The inverses Halmos defines here are more general than the inverse functions described on wikipedia. Halmos’ inverses work even when the functions are not bijective.
I believe that what you are speaking of here is Halmos’s discourse on what are called these days “images and preimages” or “inverse images”. I found the subtle difference between these and inverse functions proper annoying when I was learning proof writing, so let me illustrate the concept, so that we have a caveat emptor for the budding mathematician.

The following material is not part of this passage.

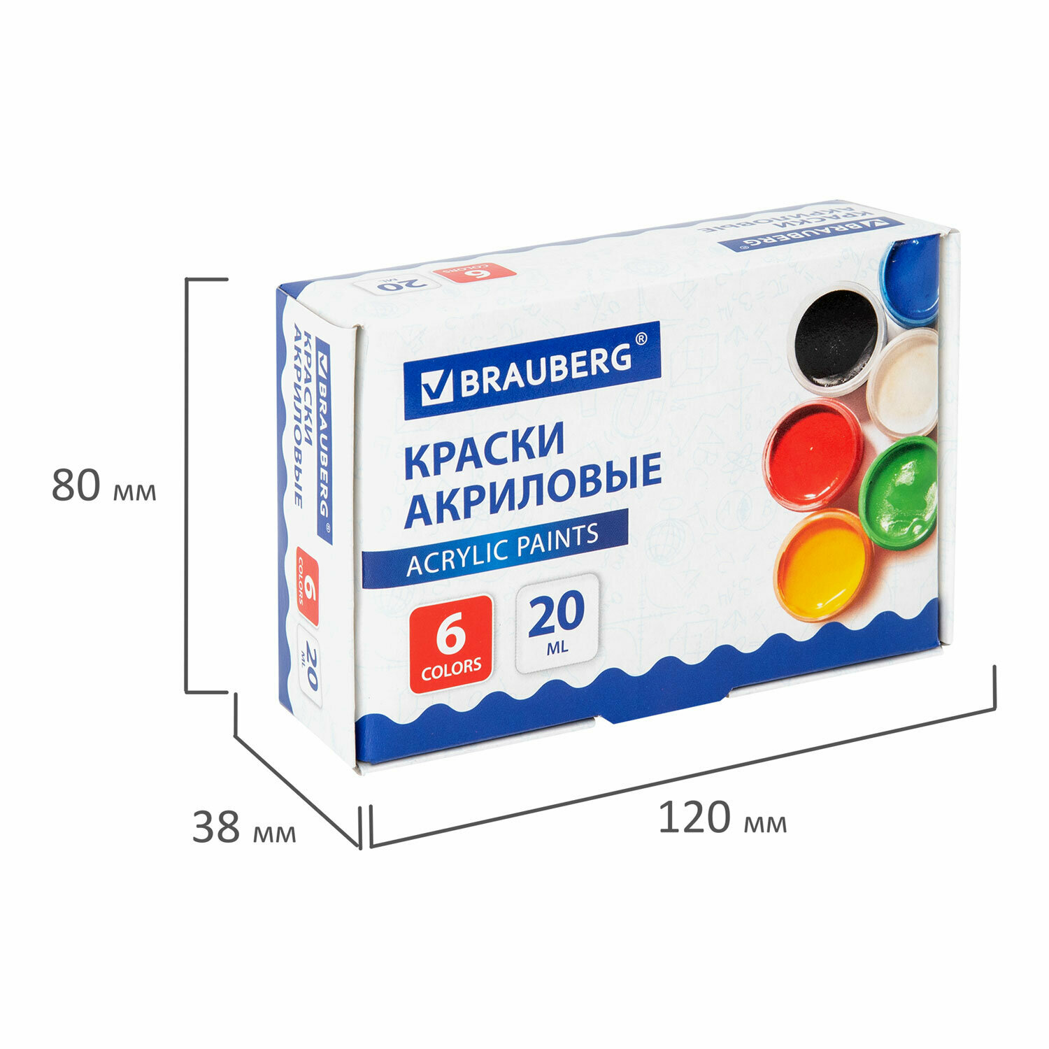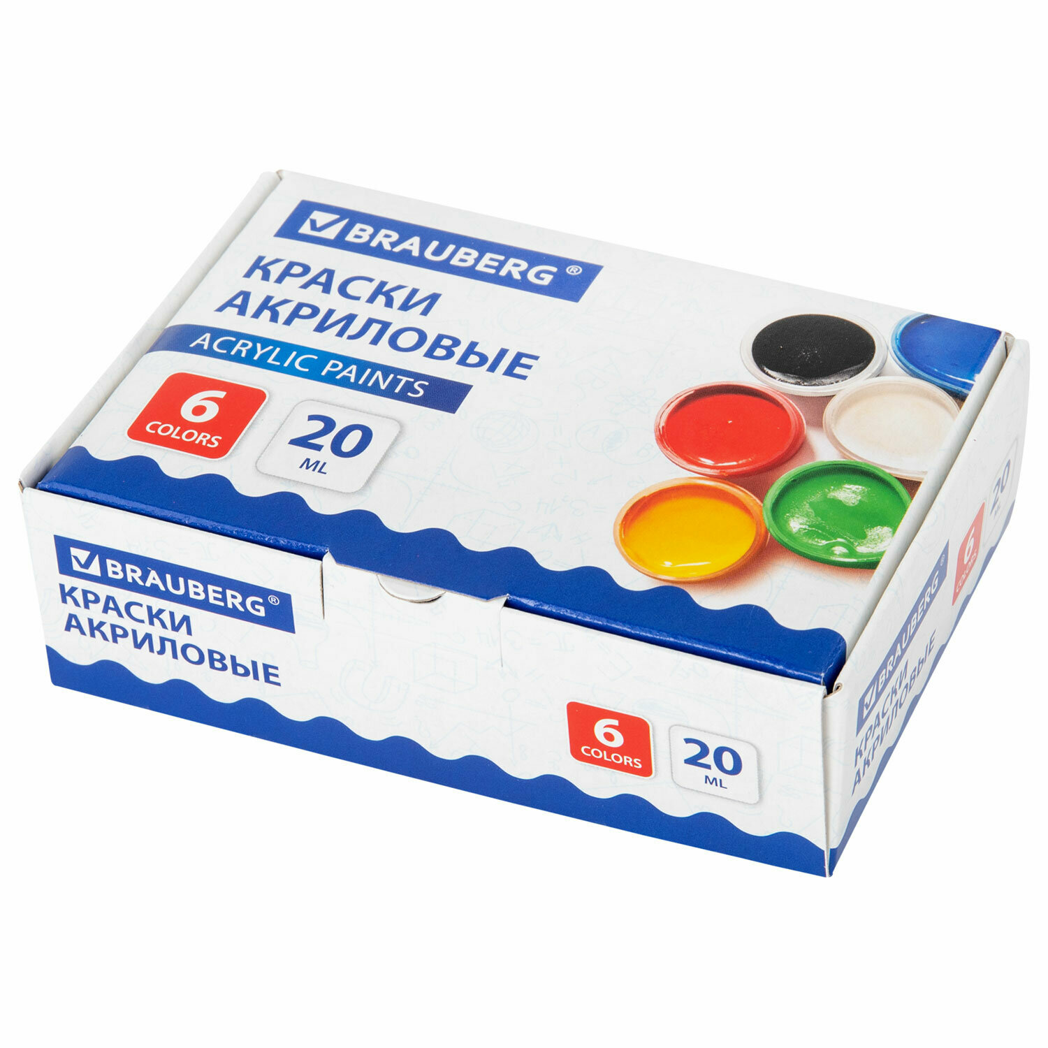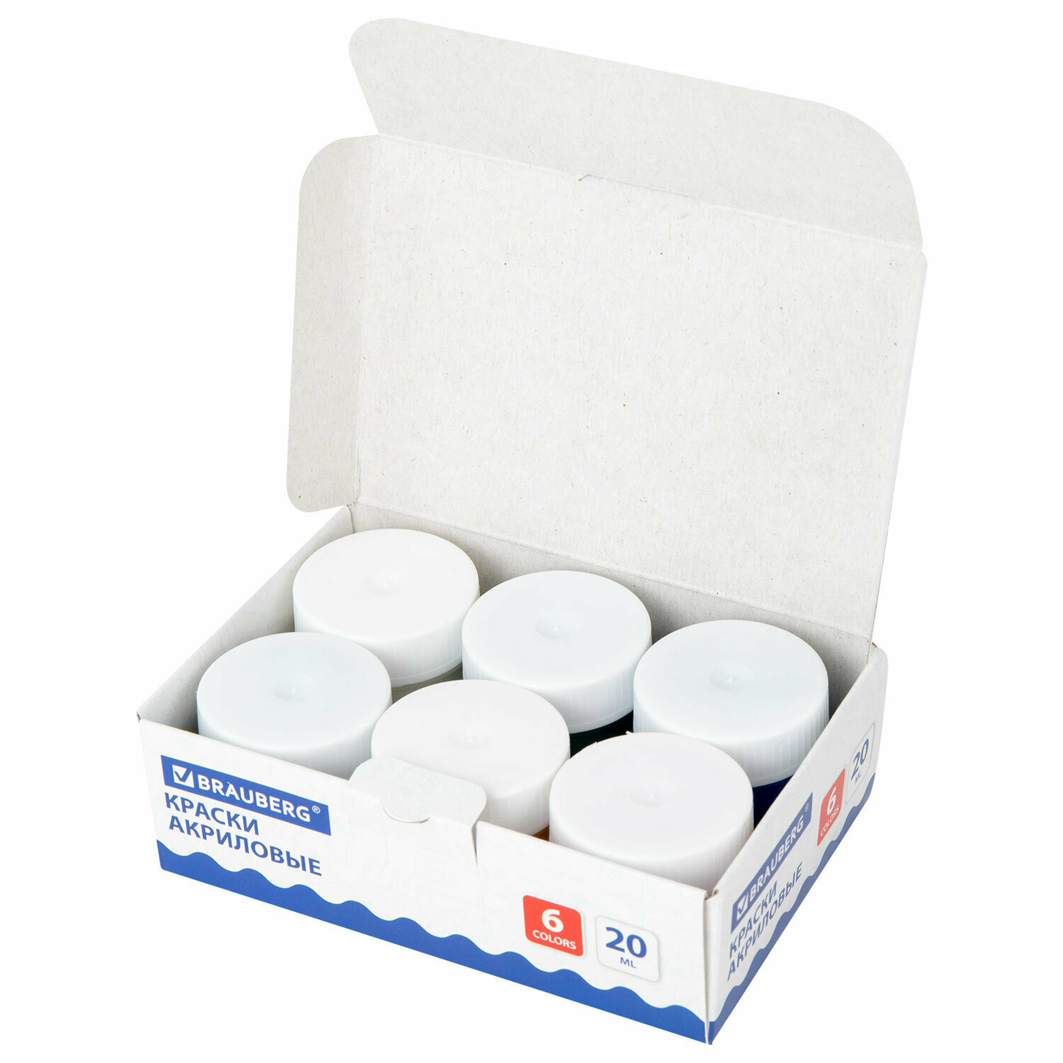 Акриловые краски художественные матовые акрил набор 6 цветов для рисования по холсту, дереву в баночках по 20 мл, Brauberg, 192562 интересное:

Take the sets A = {0, 1} and B = {2}, and define a function f: A → B as f(x) = 2 for whatever x in A you throw in there.
Then,
f(0) = 2, of course.
f(1) = 2, as well.
f(A) = {2}, which is the image of the whole set A “under” the function f.
f^{-1}(B) = {0, 1}, which is the pre-image of the whole set of B under f. Meaning, “anything I can throw into f, from A, to get something in B”.
f^{-1}(2) , however, is meaningless, at least as far as functions go. Functions can only return one thing, so how would you decide whether f^{-1}(2) should give you back 0 or 1?
If you say f^{-1}(2) should give back both, well, now you’re not dealing with an inverse function any more, you’re dealing with the inverse relation. You can in fact deal with that, with some other tools in the book
These are more general, which is nice, but I’ve found that in a rigorous environment it won’t do to describe them with the same language you use with functions. You really want to toy with these gently, if you can.
I quite like this approach. :) I’ll see if I can apply it to electrical engineering and pure mathematics soon, as those are the subjects I am studying in school. Linear algebra will be my first stop.